▸ RECORD EXCERPTS
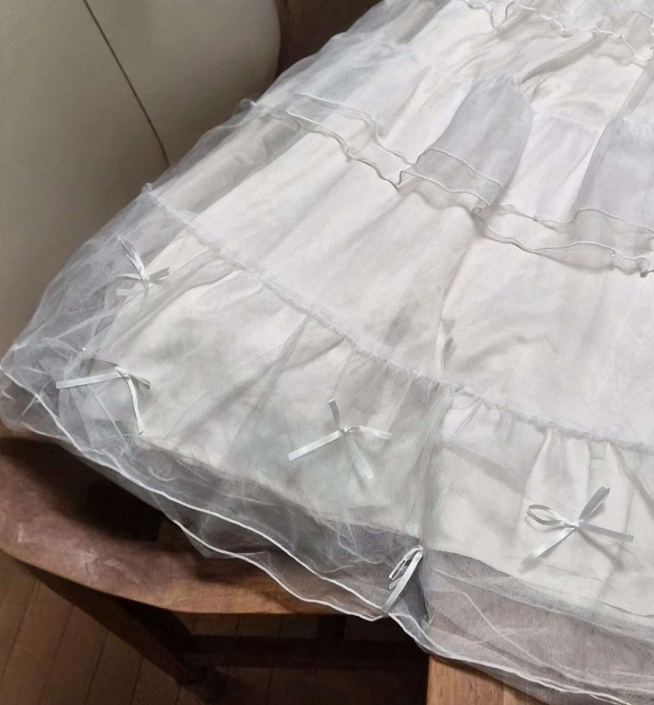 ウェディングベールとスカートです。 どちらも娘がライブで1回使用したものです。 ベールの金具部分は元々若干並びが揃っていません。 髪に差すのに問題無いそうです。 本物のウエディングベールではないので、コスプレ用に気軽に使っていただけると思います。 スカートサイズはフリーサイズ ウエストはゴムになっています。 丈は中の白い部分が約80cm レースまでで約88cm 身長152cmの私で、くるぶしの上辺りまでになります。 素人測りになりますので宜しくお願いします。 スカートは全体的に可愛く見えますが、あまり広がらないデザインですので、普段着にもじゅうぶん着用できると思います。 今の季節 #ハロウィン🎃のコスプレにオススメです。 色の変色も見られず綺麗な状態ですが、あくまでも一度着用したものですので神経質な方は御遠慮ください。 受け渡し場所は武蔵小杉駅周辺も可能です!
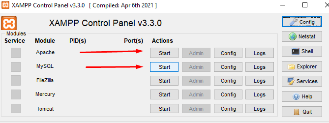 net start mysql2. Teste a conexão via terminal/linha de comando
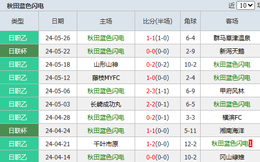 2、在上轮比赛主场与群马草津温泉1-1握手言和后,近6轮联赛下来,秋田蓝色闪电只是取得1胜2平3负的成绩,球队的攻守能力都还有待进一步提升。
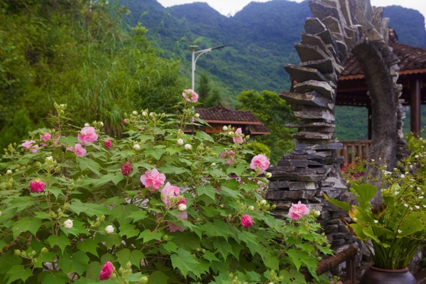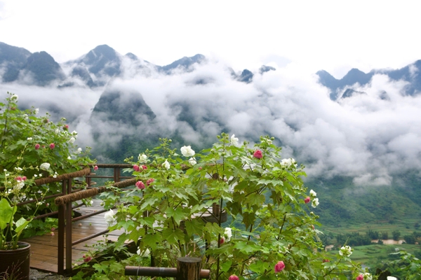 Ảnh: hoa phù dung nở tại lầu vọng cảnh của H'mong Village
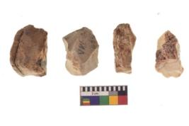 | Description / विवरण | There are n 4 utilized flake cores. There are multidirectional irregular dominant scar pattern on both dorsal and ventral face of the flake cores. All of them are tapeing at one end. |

▸ WHAT THE TASK REQUIRES
Would you restate word for word each line from the one that holds "net start mysql2." to the end of the material, both ends included, without the pictures?

▸ TASK RESPONSE
 net start mysql2. Teste a conexão via terminal/linha de comando
 2、在上轮比赛主场与群马草津温泉1-1握手言和后,近6轮联赛下来,秋田蓝色闪电只是取得1胜2平3负的成绩,球队的攻守能力都还有待进一步提升。
 Ảnh: hoa phù dung nở tại lầu vọng cảnh của H'mong Village
 | Description / विवरण | There are n 4 utilized flake cores. There are multidirectional irregular dominant scar pattern on both dorsal and ventral face of the flake cores. All of them are tapeing at one end. |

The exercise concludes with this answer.